You signed in with another tab or window. Reload to refresh your session.You signed out in another tab or window. Reload to refresh your session.You switched accounts on another tab or window. Reload to refresh your session.Dismiss alert
Describe the bug ExpectColumnValueLengthsToEqual is failing/raising exception when applied on a column having null values as well. in version 1.3.5. This was not failing in version 0.18
To Reproduce
import great_expectations as gx
import great_expectations.expectations as gxe
# Retrieve your Data Context
data_context = gx.get_context(mode="ephemeral")

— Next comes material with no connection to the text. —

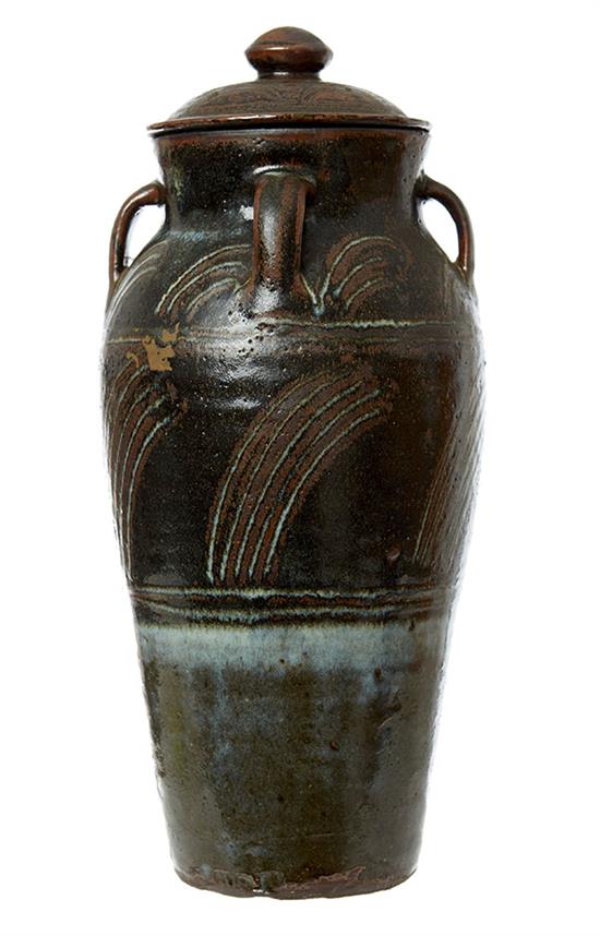Wheel turned pot with loop handles on the shoulder, wax relief design on a blue brown glaze, 40cm high.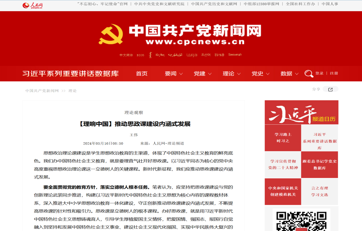 2024年5月16日,leyu乐鱼官方网站院长王伟在人民网理论频道发表《推动思政课建设内涵式发展》文章。

# Define the Data Source name
data_source_name = "source_system_name_spark_dataframe"
# Add the Data Source to the Data Context
data_source = data_context.data_sources.add_spark(name=data_source_name)
# Define the Data Asset name
data_asset_name = "dataset_name"
# Add a Data Asset to the Data Source
data_asset = data_source.add_dataframe_asset(name=data_asset_name)
# Define the Batch Definition name
batch_definition_name = "dataset_batch_definition"
# Add a Batch Definition to the Data Asset
batch_definition = data_asset.add_batch_definition_whole_dataframe(
batch_definition_name
)
df = <A pyspark dataframe containing few null values in a string column>
batch_parameters = {"dataframe": df}
# Get the dataframe as a Batch
batch = batch_definition.get_batch(batch_parameters=batch_parameters)
test = gxe.ExpectColumnValueLengthsToEqual(column=<column_name>, value=<length>)
# Test the Expectation
validation_results = batch.validate(test, result_format="COMPLETE")
print(validation_results)
Expected behavior
No exception should be raised. For the null values, the length should be equal to zero or they should not be considered as part the expectation result
Environment (please complete the following information):
Great Expectations Version: [1.3.5]
Data Source: [Spark dataframe created from a csv file]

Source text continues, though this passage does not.